En las líneas estructurales de organización constitucional, los partidos se confunden nuevamente. En el siglo pasado, hasta 1886, federación y centralismo fueron banderas de discordia, si bien grandes masas de conservadores (entre ellos los antioqueños) aceptaron el canon federalista más propio del liberalismo; pero hoy en día parece universalmente aceptado el régimen unitario y apenas hay diferencia de opinión sobre la manera más o menos intensa como deba aplicarse. Las simpatías aún latentes por la soberanía seccional de los departamentos, se atenúan en los conductores políticos ante la necesidad apremiante de consolidar la unidad nacional y de apretar cada vez más los vínculos que hagan de nuestra patria un armonioso y eficiente conjunto.

Todos defendemos los derechos individuales y las garantías sociales; incorporamos el habeas corpus a nuestros principios básicos, practicamos la tolerancia de cultos, respetamos la libertad de imprenta y, al menos en teoría, la intangibilidad del sufragio. El feminismo, apenas embrionario, no plantea aún el problema del voto de las mujeres y no han tenido tiempo u oportunidad los partidos para hacer suyas, como plataforma doctrinaria, determinadas reivindicaciones femeninas.

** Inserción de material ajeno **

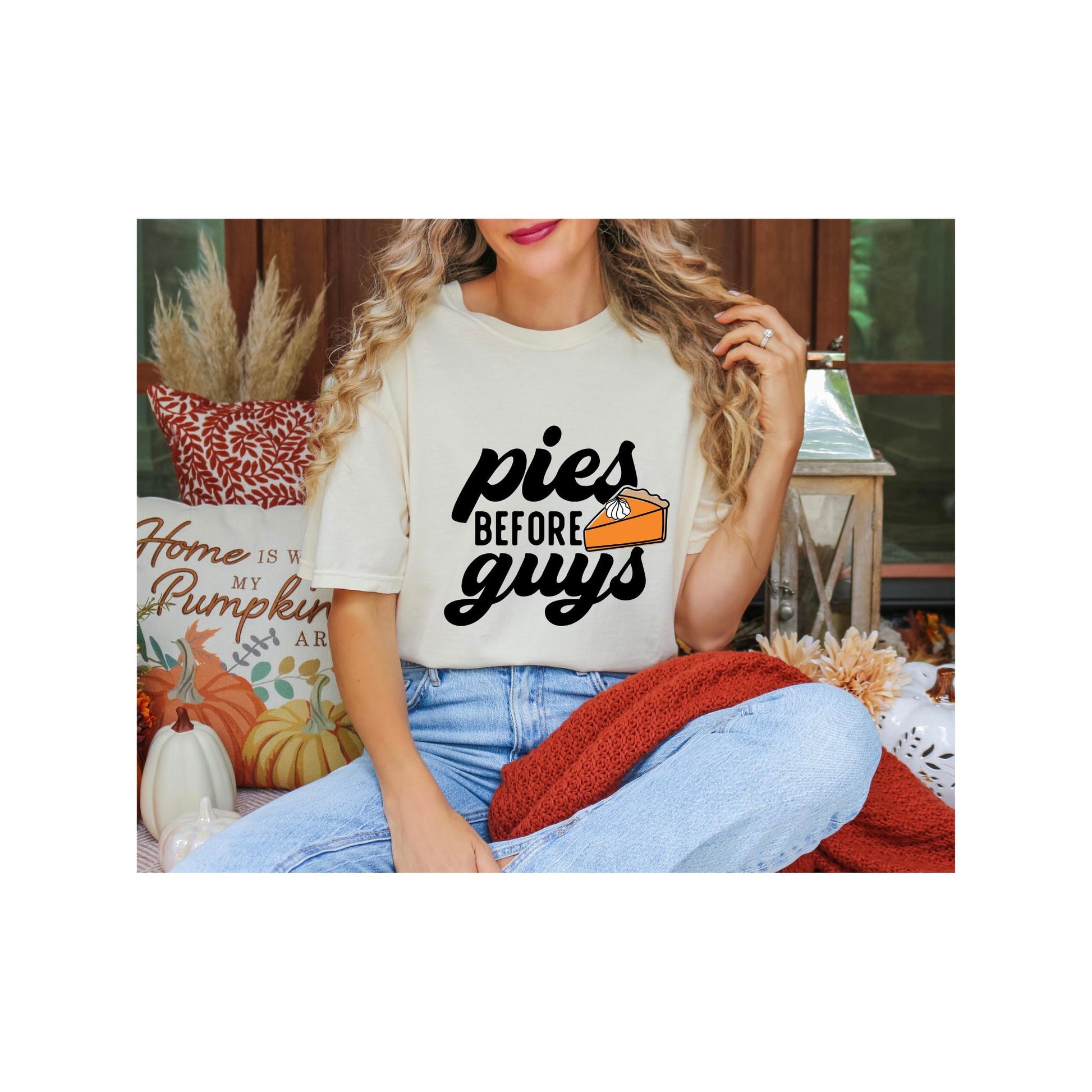 Pies Before Guys Fall Shirt | Funny Thanksgiving Graphic Tee | Cute Autumn Pie T-Shirt | Pumpkin Pie Season Tee | Fall Humor Shirt for Women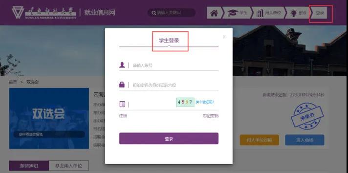 点击首页上的“双选会”,自行注册账号或直接登录。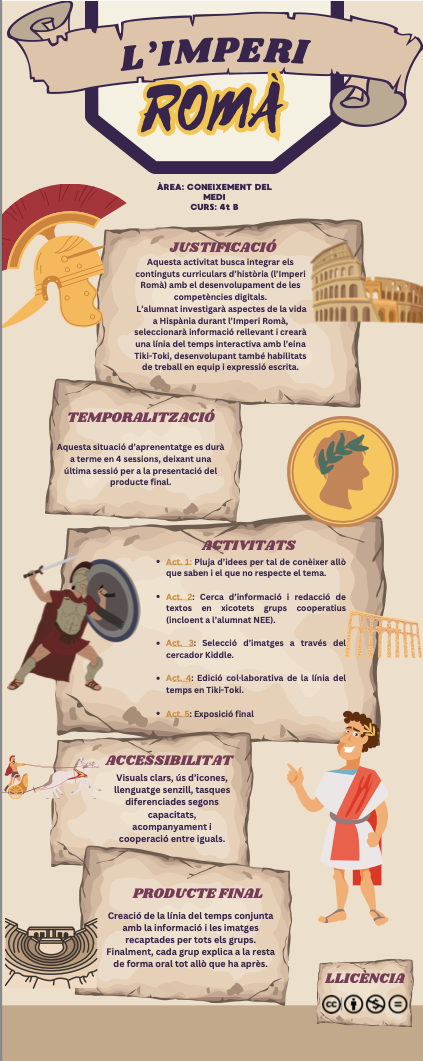 Activitat didàctica per a l’alumnat de 4t de Primària en l’àrea de Coneixement del Medi. El recurs és una infografia explicativa dissenyada per guiar una situació d’aprenentatge sobre l’Imperi Romà. Inclou propostes per a la recerca d’informació, creació d’una línia del temps digital, treball cooperatiu i ús de recursos digitals. L’activitat s’ha planificat per atendre la diversitat i desenvolupar la competència digital mitjançant Tiki-Toki, Canva i cercadors segurs com Kiddle.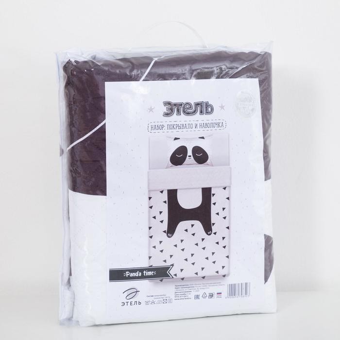 Покрывало детское и наволочка Этель 1,5 сп «Pandatime», 145×210 см, 40×60 см, микрофибра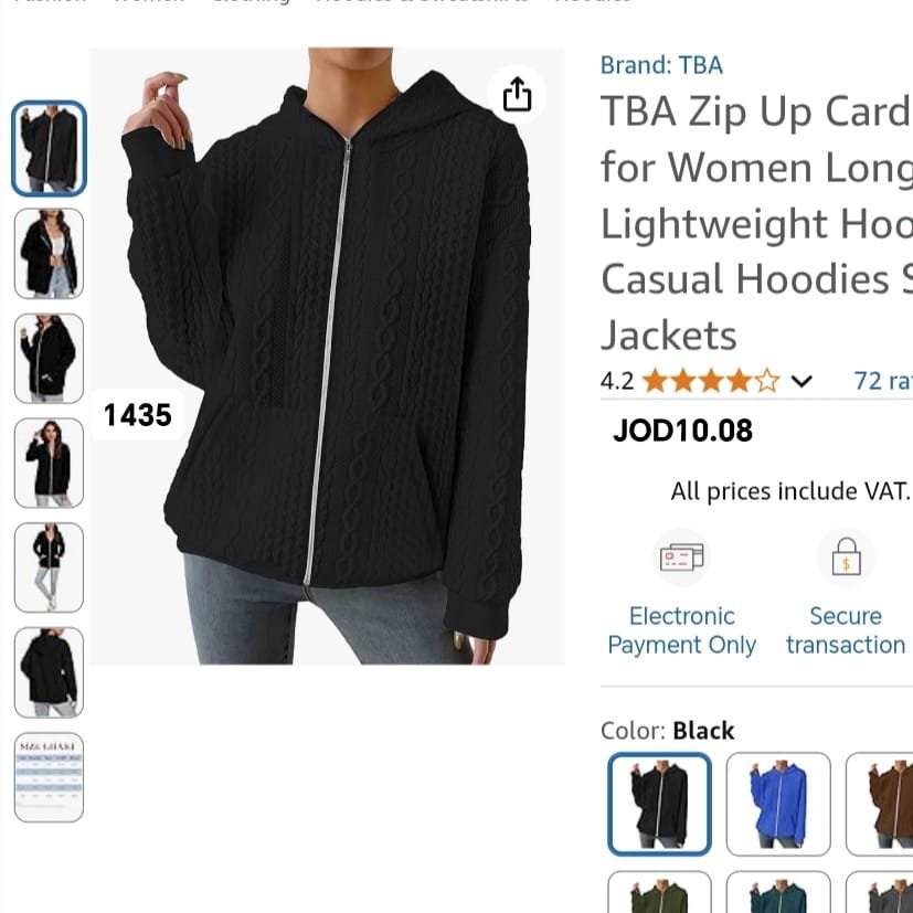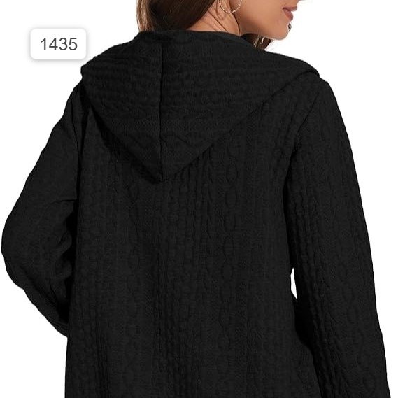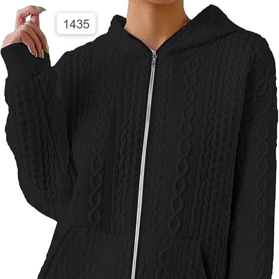 سترة كارديجان بسحاب للنساء بأكمام طويلة وخفيفة الوزن مع هودي لون الأسود القياس لارج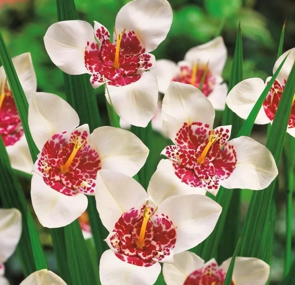 Луковицы тигридии павлинья Вайт (White) поражают изысканным и трогательным цветением. Тонкие, но прочные цветоносы, высотой 50 сантиметров, несут на себе одиночные бутоны, состоящие из 3 крупных заостренных лепестков белой окраски. Центр цветка разукрашен ярко-малиновым крапом. Тигридию размещают группами, до 15 растений, высаживая к ним в компанию лилейники, гладиолусы, маки. Тигридия неприхотлива, но нуждается в выкопке на зиму и хранении луковиц в прохладном помещении. Многие цветоводы сажают Тигридию павлинью Вайт в контейнеры, получая возможность перемещать цветы по участку. Цветёт тигридия с июля по сентябрь.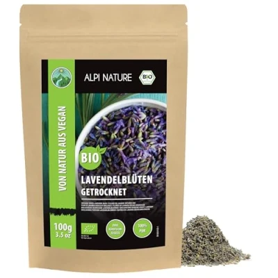 organic lavender blossoms (100g (3.5oz)), dried blossoms, from controlled cultivation, 100% natural, without additives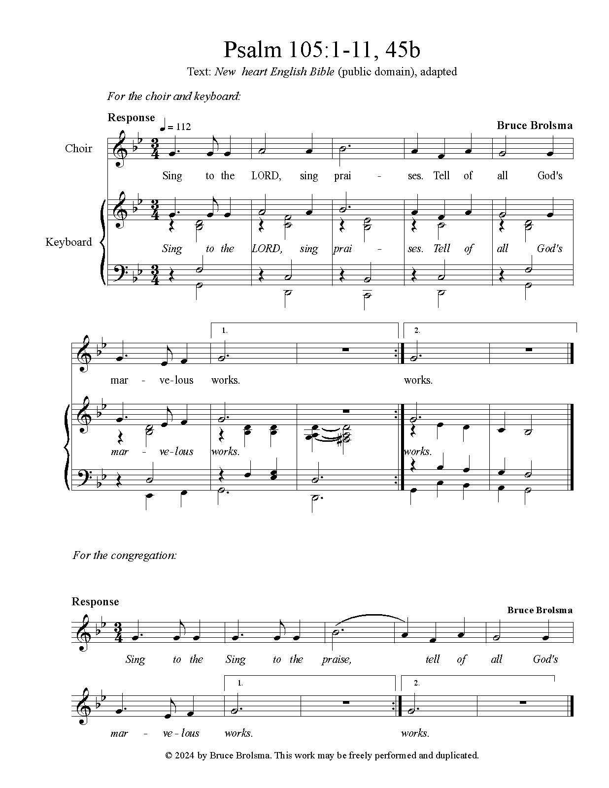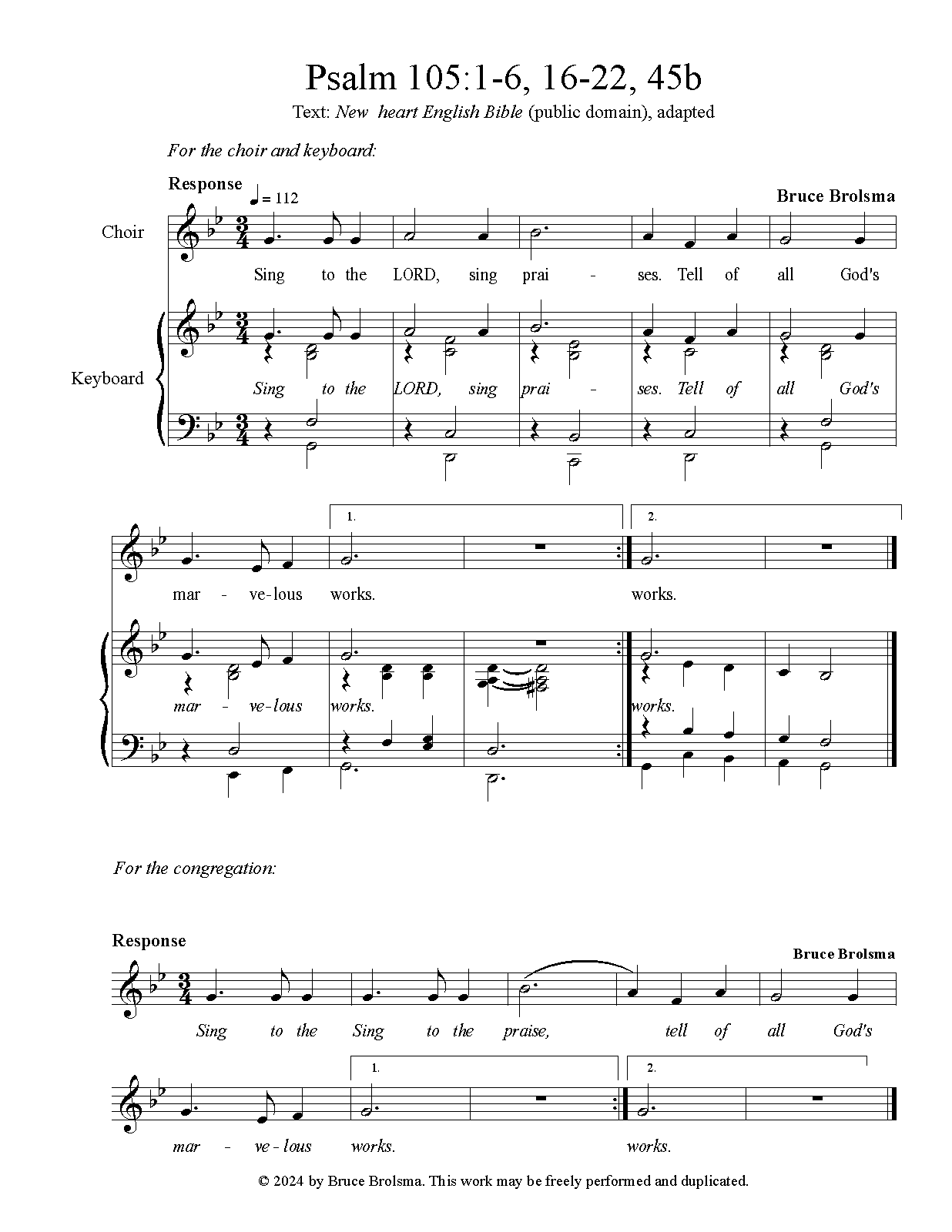 Response and verses may be performed by a choir or the congregation. Music and words may be accessed by the engraving file (MusicXML) or via screenshots of the PDF file. |

En los últimos tiempos ha surgido, como punto de oposición entre conservadores y liberales, la cuestión del gobierno presidencial frente al régimen parlamentario. Los parlamentarios de los últimos diez años han escuchado y aún aprobado votos de censura, prohibidos por la constitución, y hasta llegaron a presentarse proyectos de reforma constitucional en este sentido. Generalmente el liberalismo acogió la iniciativa y pudo pensarse con ligero estudio, que en ese terreno se planteaba una verdadera lucha partidista. Pero analizado con frialdad el fenómeno, no encontramos en él nada que supere los límites de una accidental oportunismo político. En efecto, cuando el liberalismo era partido de oposición, veían en el régimen parlamentario un eficaz sistema para aprovechar escisiones entre los grupos del

partido gobernante y formar con los disidentes mayorías ocasionales que le permitieran aumentar su influencia y aun imponer a veces su voluntad al ejercicio; pero convertido en partido de gobierno, es difícil que adopte semejante táctica que lo pondría en muchos de los casos a merced de su adversario tradicional. Si instinto de conservación le pide hoy un ejecutivo fuerte, ajeno al vaivén azaroso de las cámaras; un ejecutivo capaz de desarrollar labor política intensa y permanente. Es de suponer que las veleidades parlamentarias no vuelvan a afectarlo sino cuando dividido en fracciones por la acción disolvente del poder, encuentre en la alianza conservadora el modo de imponer contra el ejecutivo el querer de determinado grupo. Mejor dicho, y sin entrar a analizar las ventajas o inconvenientes del régimen, nos atrevemos a pensar que el parlamentarismo no será posible en nuestro medio, sino cuando los grandes partidos tradicionales se dividan y subdividan en grupos que impongan la necesidad de formar gobiernos de transacción y componenda. Mientras continuemos agrupados en las dos huestes antagónicas, cada una de ellas pedirá a la victoria la totalidad de sus gajes y encontrará en la derrota la suma de sus desgraciadas consecuencias.

Hé aquí, a grandes trazos, la fisonomía común a nuestros partidos. Dejemos para el siguiente capítulo la crítica de sus diferencias.